"The answer, my friend, is blowin' in the wind." At least that's what Bob Dylan said.

Air currents, air circulation, and wind (fast air currents) are important to all kinds of life. Air that just hangs around without moving can get "stale." In another project, we can discuss the ways that air currents are valuable. Or, we could find a book that would tell us.
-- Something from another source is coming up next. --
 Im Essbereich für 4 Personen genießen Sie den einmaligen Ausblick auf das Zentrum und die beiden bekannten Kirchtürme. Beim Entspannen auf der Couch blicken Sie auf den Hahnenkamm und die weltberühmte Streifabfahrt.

Meanwhile, we can make some instruments that can measure or show the direction of air movement. What are some of the ways we can tell that the air outside is moving, and not just
hanging out getting stale? We can see leaves moving on trees, or, if the wind is blowing hard, entire trees sway. Dust on the ground will sometimes move in little whirlpools, while leaves that have fallen are traveling along the ground. Litter-bugs have dropped papers, and they scoot around as though they were inhabited by ambulatory critters! In a stiff wind, people with long hair look like sea serpents. Look at the flagpole, and see our flag rippling in the wind!
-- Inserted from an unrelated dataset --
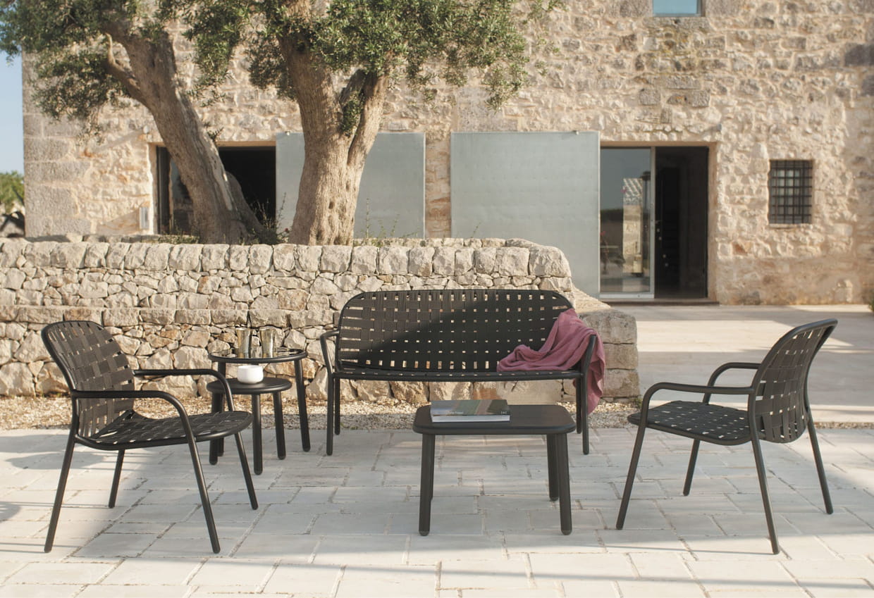 Très ergonomique, l'assise tressée de bandes élastiques du salon de jardin imaginé par Stefan Diez pour Emu épouse parfaitement les formes. Prix : 615 euros la banquette et 255 euros le fauteuil, chez Emu.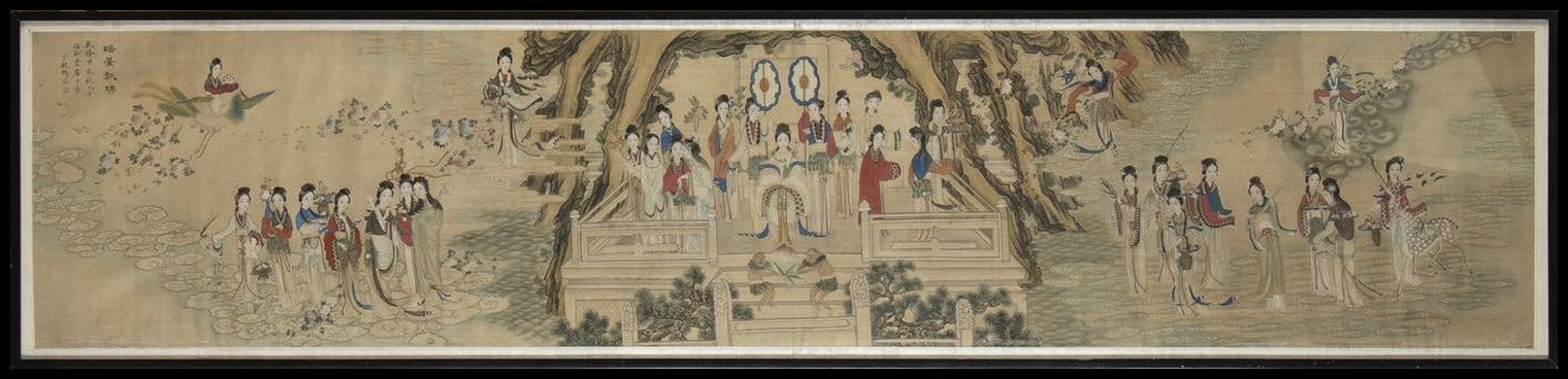 Il dipinto raffigura al centro Xiwangmu, la Regina Madre d'Occidente, su una terrazza attorniata da un folto stuolo di inservienti, altre divinità femminili del pantheon taoista si vedono nel resto della superficie pittorica, titolo, data e firma dell'artista con sigilli nell'angolo superiore sinistro, cornice in legno e vetro protettivo.

Do we know about propellers on airplanes? They push on the air and make the planes go. (Boat propellers push the water.) Do we know about pinwheels? Pinwheels are fun. Let's make some.

On a white card, make three concentric circles with diameters of 2 1/2 inches, 2 1/4 inches, and 1/2 inch. Set the ends of a compass (the kind used to make circles) 1 1/4 inches apart.

Place the point of the compass anywhere on the outer circle, and make six consecutive marks around the outer circle. Using a ruler, connect opposite marks with a straight line. Draw a line along the ruler from the edge of the middle circle to edge of the inner circle at every mark, alternating so that one line is heavy and the next is dotted. Now connect every other point on the 1 1/4 inch circle with a heavy line.

Carefully cut out wind foils along the dark lines, and fold along the dotted lines as illustrated.

The detector can be mounted on the eraser end of a pencil with a pin. Be sure it spins freely.

The device can be used to detect wind currents in different parts of the school grounds or classroom. As you know, we can even run with them, or just swish them through the air to
make them spin.

Here's another indicator we can make. Stick a pin through the middle of a plastic straw, and attach it to a cork. Turn the straw on the pin a few times so that it turns freely.

Next, pinch one end of the straw together and fasten a paper clip to the pinched end. Glue or tape a lightweight index card in a horizontal position on the other end. Level and balance the straw by moving the paper clip.

Use a protractor to make a scale like the one illustrated. Attach the scale to a large side of a small cereal box. Glue the cork to the center of the scale.

When the box is held in a vertical position, you will see that the detector arm moves up and down and indicates the relative force of the rising or falling air.

When held in a horizontal position, it measures air that is moving horizontally.

Hold the detector in various locations (e.g., over lighted bulbs, beneath open refrigerator doors, over radiators or registers, below windows).

Why would we hold our indicator near a source of heat or a source of cold? Does heat or cold affect air movement? In what ways?

Measurements taken at different times and places can be recorded and compared.